Table 3 shows the performance model results according to the algorithm. We evaluated the prediction model performances using the unified framework by Kunjie et al. [27]. Their results were used as baseline, and the performance of the prediction model using our features was compared. The prediction model was evaluated five-times each with 5-fold cross validation. We evaluated the model performance using three indicators: area under the receiver operating characteristic curve (ROC-AUC), area under the precision–recall curve (AUPR) and F1 score. Since we repeated five times to evaluate the prediction model, we used the mean and standard deviation as comparative indicators. The prediction model performance constructed using only our features was higher than the majority of the baseline. Figure 2 shows the ROC curve of the FFNN-based prediction model, which is the best performance in ROC-AUC. Based on these results, we can infer that our feature extraction method was able to extract more drug and cell line information than the baseline method.

Table 3

Performance comparison of prediction models

Algorithms	FFNN		AE		XGB		ERT	LR
Ref.	[9]	[10]	[11]	[12]	[13]	[14]	[15]	[16]
(a) Performance comparison using ROC-AUC
Baseline	0.912 ± 0.004	0.91 ± 0.005	0.914 ± 0.006	0.895 ± 0.007	0.885 ± 0.01	0.895 ± 0.005	0.843 ± 0.007	0.847 ± 0.006
Ours	0.924 ± 0.001	0.915 ± 0.006	0.923 ± 0.003	0.92 ± 0.004	0.889 ± 0.003	0.892 ± 0.004	0.881 ± 0.004	0.854 ± 0.007
(b) Performance comparison using AUPR
Baseline	0.402 ± 0.017	0.417 ± 0.032	0.408 ± 0.025	0.339 ± 0.026	0.349 ± 0.016	0.381 ± 0.026	0.24 ± 0.015	0.192 ± 0.011
Ours	0.434 ± 0.014	0.427 ± 0.025	0.438 ± 0.008	0.424 ± 0.011	0.371 ± 0.013	0.381 ± 0.016	0.326 ± 0.012	0.196 ± 0.004
(c) Performance comparison using F1 score
Baseline	0.359 ± 0.027	0.262 ± 0.045	0.325 ± 0.039	0.224 ± 0.05	0.227 ± 0.01	0.24 ± 0.019	0.272 ± 0.018	0.059 ± 0.01
Ours	0.392 ± 0.017	0.313 ± 0.052	0.296 ± 0.021	0.428 ± 0.028	0.271 ± 0.016	0.259 ± 0.02	0.263 ± 0.015	0.064 ± 0.013

Fig. 2

ROC curve of highest performing prediction model

Conclusions

We introduced an approach to predicting the synergy of anti-cancer drug combination by using features extracted from documents. Our approach yielded higher prediction performance than the majority of published studies under the same conditions. Our approach makes two contributions to drug combination prediction.

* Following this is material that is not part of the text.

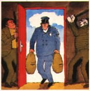 | Das obligatorische Telefonat am Anfang teilt Tom mit, daß die Strauchdiebe Mönk und Schretter von Locke bei einem Diebstahl gesehen wurden. Tom stellt die beiden samt Beute, einem mysteriösen Koffer. Bei einer Meinungsverschiedenheit zwischen Tom und den Langfingern geht der Koffer auf nimmerwiedersehen verloren. Er fliegt über das Brückengeländer in den Fluß, Mönk und Schretter türmen. Was Tom aber noch sehen kann ist, daß der Koffer mit Bargeld vollgestopft war! Der bestohlene Besitzer des Koffers, ein gewisser Raben, bleibt erstaunlich locker als Tom und Nina ihm vom Schicksal seiner Barschaft berichten. Dieses Verhalten kommt beiden spanisch vor, sie können erlauschen, daß der Koffer mit Falschgeld gefüllt war. Desweiteren erfahren sie, daß auch der Proletentoasterchef Lorenz zu der Fälscherbande gehört. Jetzt ist Beschatten angesagt, auch ein Geldkurier der Bank ist Mitglied der Fälscherclique. Der Kurier bringt echtes Geld, dieses wird dann gegen die Blüten eingetauscht. Dann tritt das von Tom Befürchtete ein: Mönk und Schretter erzählen den Fälschern, Tom und Locke hätten die Blüten unterschlagen! Tom soll das Falschgeld wieder brav zurückgeben, er liefert allerdings Makulatur ab, denn die Blüten sind ja bei den Fischen. Zunächst merken die Gangster das nicht, dann schäumen sie vor Wut. Sie wollen Tom und Nina kleinkriegen, bei einem Kaufhausbesuch entgeht Fräulein Rehm nur knapp einem Säureattentat. Tom ist jetzt auch stinksauer, zunächst sucht man Lorenz auf, doch dort wirbelt schon die Polizei. Also halten die beiden sich an Raben. Sie können beobachten, wie Raben Falschgeld übergibt. Dann verfolgen sie ihn bis zu einer Fälscherwerkstatt, dort treffen sie auch den Säureattentäter und Lorenz. Tom lässt sich auf eine Keilerei ein und muß erstmal klein beigeben. Zu allem Überfluß keschern die Falschmünzer auch noch Locke ein, ihr soll nichts passieren, wenn Tom mit den Blüten shoppen geht. So wollen die Gangster Nina und Engelbert mitschuldig machen. Doch die nächste Schlacht gewinnt Tom, mit einem Panthersprung durch das geschlossene Fenster befreit er Locke und macht die Gauner frisch. Das Recht hat wieder mal gesiegt, Lorenz und Konsorten können die nächste Zeit im Bau die Häftlingspostille drucken. Diese Folge kann nicht ganz das Niveau ihrer Vorgängerin halten, die Geschichte ist mir ein bißchen zu straight auf das Ende ausgerichtet, geil ist natürlich Ninas Hinweis auf Theoderich, die Riesendogge! Ich gebe 7 Scheine. [tim] |

As new drugs are discovered, the number of drug combinations increases dramatically. In practice, testing all drug combination cases proves difficult. Our approach can predict new anti-cancer drug combination synergy, reducing the time and effort invested. In other words, we expect that it would be a useful approach for researchers to predict new anti-drug combination synergy before in-vivo or in-vitro experiments.

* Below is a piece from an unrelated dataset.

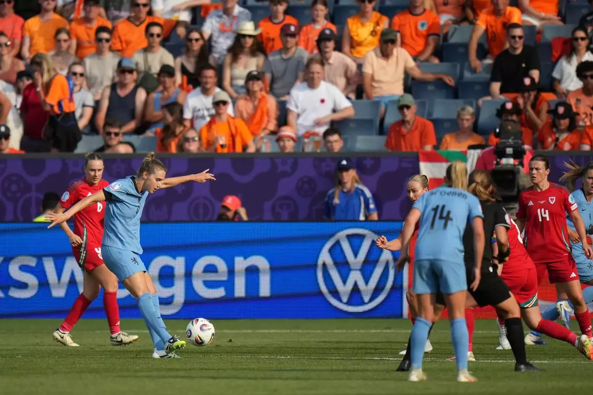 FILE - Netherlands' Vivianne Miedema scores his side's opening goal during the Euro 2025 group D soccer match between Wales and the Netherlands at Allmend Stadion Luzern in Lucerne, Switzerland, July 5, 2025. (AP Photo/Alessandra Tarantino, File)

Structuring the knowledge from newly published studies is time consuming because it is difficult to conduct without domain experts. Using unstructured data to extract features, our approach could be easily and immediately applied to new research. An additional benefit of our feature extraction method is that the extracted features can be utilized together with features from structure data.

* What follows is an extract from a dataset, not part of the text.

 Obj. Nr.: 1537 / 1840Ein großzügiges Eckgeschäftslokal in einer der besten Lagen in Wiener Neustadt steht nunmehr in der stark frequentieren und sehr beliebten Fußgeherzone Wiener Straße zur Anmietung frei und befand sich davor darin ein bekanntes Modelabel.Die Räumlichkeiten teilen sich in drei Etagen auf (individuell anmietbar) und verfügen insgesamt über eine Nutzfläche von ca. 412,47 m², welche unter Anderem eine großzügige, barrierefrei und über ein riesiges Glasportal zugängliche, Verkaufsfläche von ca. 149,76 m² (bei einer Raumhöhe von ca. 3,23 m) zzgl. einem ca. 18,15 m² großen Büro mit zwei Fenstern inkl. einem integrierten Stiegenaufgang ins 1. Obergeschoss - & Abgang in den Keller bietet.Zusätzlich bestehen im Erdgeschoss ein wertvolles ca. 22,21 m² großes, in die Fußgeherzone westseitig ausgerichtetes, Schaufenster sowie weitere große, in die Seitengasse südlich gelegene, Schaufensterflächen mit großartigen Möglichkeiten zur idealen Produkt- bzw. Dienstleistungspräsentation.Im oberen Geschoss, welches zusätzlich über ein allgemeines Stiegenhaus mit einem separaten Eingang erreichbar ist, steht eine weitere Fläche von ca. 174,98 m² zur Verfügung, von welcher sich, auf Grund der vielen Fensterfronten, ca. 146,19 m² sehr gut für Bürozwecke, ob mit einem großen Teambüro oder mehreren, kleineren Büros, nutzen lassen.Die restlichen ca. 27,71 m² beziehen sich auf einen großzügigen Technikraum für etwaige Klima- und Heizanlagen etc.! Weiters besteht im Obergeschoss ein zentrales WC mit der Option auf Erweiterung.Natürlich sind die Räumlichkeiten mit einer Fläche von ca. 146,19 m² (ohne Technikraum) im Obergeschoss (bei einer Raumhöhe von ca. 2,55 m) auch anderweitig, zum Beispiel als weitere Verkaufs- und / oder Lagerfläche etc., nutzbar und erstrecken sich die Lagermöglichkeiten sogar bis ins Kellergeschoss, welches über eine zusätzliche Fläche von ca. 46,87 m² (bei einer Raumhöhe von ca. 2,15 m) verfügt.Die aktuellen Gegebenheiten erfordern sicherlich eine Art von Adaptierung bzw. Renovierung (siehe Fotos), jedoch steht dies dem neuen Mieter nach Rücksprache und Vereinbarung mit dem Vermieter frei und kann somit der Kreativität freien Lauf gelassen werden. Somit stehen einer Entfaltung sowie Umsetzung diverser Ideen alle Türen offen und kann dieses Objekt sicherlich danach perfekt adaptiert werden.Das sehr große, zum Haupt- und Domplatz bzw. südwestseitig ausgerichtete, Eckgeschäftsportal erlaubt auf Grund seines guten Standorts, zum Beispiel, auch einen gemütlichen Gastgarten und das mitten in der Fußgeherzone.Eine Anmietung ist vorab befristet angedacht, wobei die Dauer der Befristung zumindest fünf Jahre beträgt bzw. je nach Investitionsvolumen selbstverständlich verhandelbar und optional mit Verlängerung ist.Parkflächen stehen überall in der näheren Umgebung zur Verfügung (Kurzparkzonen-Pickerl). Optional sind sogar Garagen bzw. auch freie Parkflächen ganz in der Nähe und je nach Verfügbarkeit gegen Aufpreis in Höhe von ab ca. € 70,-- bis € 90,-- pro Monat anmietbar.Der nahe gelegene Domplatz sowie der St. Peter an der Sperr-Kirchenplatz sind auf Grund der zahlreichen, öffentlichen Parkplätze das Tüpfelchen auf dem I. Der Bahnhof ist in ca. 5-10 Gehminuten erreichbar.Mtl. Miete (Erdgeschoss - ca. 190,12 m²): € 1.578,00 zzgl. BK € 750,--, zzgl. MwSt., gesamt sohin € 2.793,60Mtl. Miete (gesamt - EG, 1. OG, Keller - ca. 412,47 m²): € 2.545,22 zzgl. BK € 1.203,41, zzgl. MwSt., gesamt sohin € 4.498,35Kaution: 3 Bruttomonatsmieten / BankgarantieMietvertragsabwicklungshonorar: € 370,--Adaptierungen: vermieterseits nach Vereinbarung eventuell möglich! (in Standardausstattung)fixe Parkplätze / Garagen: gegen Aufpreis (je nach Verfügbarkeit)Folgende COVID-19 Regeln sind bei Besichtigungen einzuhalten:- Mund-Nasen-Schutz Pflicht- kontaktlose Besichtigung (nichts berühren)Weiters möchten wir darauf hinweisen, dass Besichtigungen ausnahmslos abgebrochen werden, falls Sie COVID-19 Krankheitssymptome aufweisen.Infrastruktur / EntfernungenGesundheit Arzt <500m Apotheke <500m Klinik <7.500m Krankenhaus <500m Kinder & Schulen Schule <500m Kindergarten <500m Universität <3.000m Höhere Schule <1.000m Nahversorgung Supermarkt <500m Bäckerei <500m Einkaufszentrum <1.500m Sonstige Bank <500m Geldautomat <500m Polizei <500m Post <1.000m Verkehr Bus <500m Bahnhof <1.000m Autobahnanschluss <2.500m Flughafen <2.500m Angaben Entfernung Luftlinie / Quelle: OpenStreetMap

Currently, the present model is exclusive to PubMed abstracts. We used PubMed because it is the largest repository of biomedical publication. In future works, the feature extraction method can be expanded to use more information by including full documents provided by PubMed Central, bioRxiv, and other databases. In the present model, we only extracted the drug and cell line features in NCI-ALMANAC. In future works, we will cover more anti-cancer drug combinations, including various large-scale public anti-cancer drug combination databases such as DrugComb [30] and DREAM [31]. Finally, our approach could also be used for other purposes. For example, by changing the input data, we can use it to predict the interaction between drugs and genes, and also the effects of drugs and diseases.